The older of the two subfamilies, Merialinae, would abruptly disappear in the late Ypressian, with previous authors suggesting that this was the youngest record of the subfamily. However, in 2024, Floréal Solé and coauthors described the youngest member of not only the subfamily but the entire family as a whole with the genus, Welcommoides, dating to the lower Oligocene of Pakistan. In addition, Welcommoides is the largest known member of the family with an estimated mass of 3.9-4.5 kg. In contrast to Merialinae, Paroxyclaeninae would diversify and would have more contemporary genera. The largest members of Paroxyclaeninae generally reached the same sizes as those within Merialinae. One of these larger members, Kopidodon, has been estimated to have a mass of from 2.8-3.0 kg based on dentition and 3.0-5.0 kg based on postcranial material.

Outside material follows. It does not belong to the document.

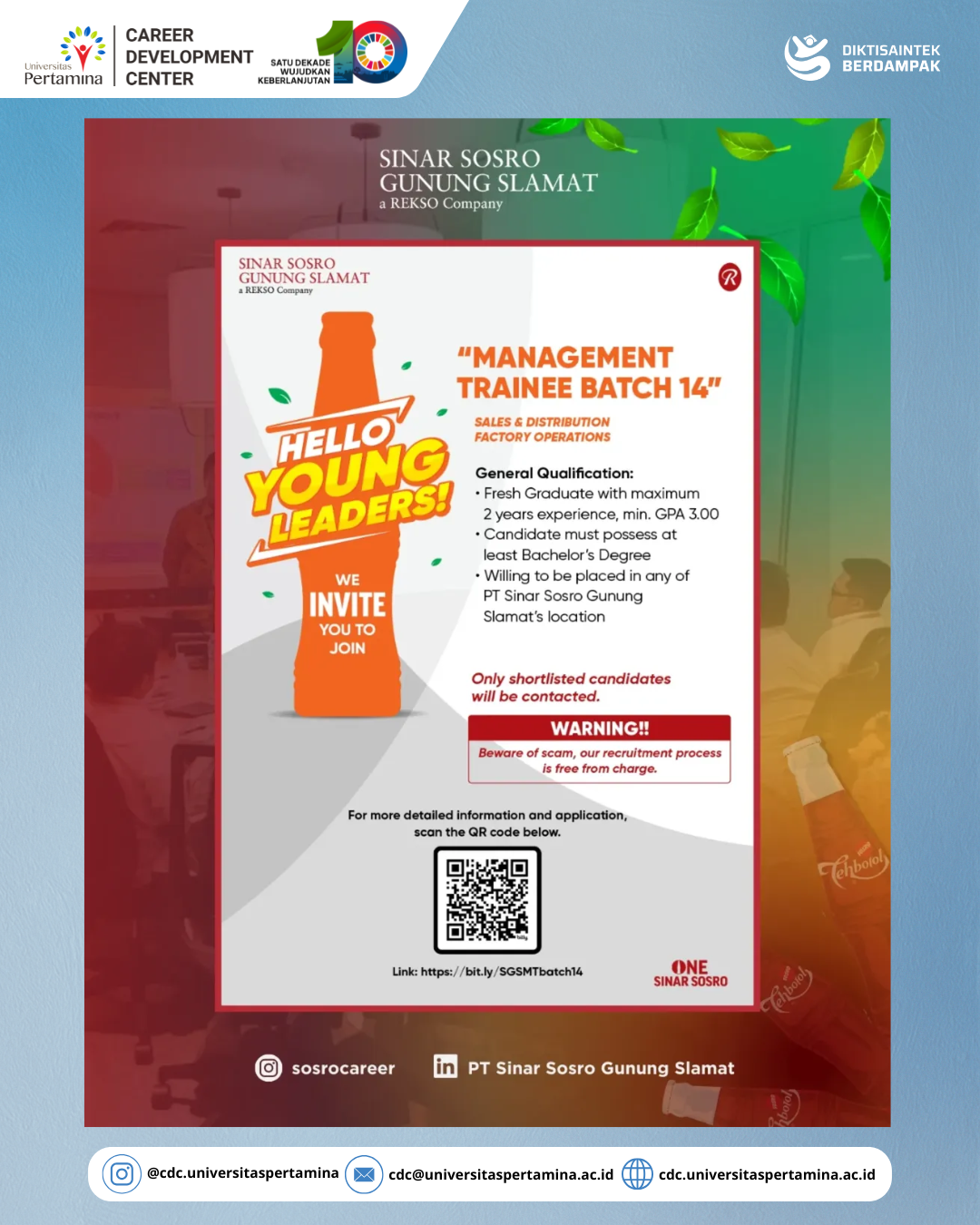 PT SINAR SOSRO GUNUNG SLAMAT MANAGEMENT TRAINEE BATCH 14

The youngest records of Paroxyclaenidae in Europe would be Paravulpavoides cooperi from the Bartonian of England with this being one of the smallest members of the family (around 1 kg). At the same time of the extinction of the family in Europe, a general overturn was taking place during the Bartonian–Priabonian boundary. This overturn would also affect other groups such as artiodactyls and palaeotheres that was most likely due to the increased aridity in Europe at the time. This lack of aridification on the Indian subcontinent is suggested to be the reason that the group was able to last so much longer outside of Europe. Even with this being the case, another event has been suggested to be a cause for the extinction of the group, the Grande Coupure. This event took place at the Eocene-Oligocene boundary and is generally associated with the replacement of tropical forests with more temperate ones. This event had major effects on other arboreal groups in Europe, such as primates, with the only genus being present after the event being a mouse-sized omomyid. Due to the continued tropical conditions during this time, it has been suggested that Indian subcontinent acted as a refugium for these more arboreal groups.

== Paleoecology ==
Based on more complete fossils of genera like Kopidodon, members of Paroxyclaenidae would most likely have been arboreal herbivores with some being specifically frugivorous. This has been suggested due to not only the skeletal anatomy of the genus but also the presence of gut contents in Kopidodon. Though strange for more herbivorous animals, the large canines seen on taxa such as Paroxyclaenus could have been used to pull fruit off of branches. David L Harrison would specifically make comparisons between the dentition of paroxyclaenids and those seen in fruit bats like Pteropus in his 2009 description of Paravulpavoides. Based on a trend referred to as 'Kay's threshold', it is thought that a majority of the protein in the animals' diet would have come from vegetation rather than insects. Though not a hard rule, primates under 0.5 kg get most of their protein from insects while those over get it from vegetation; due to the gut contents of Kopidodon, it has been suggested that this threshold could have also been seen in Paroxyclaenidae. The large premolars seen in members of the family has also been noted by multiple authors to potentially suggest a more durophagous diet than other similar groups of mammals.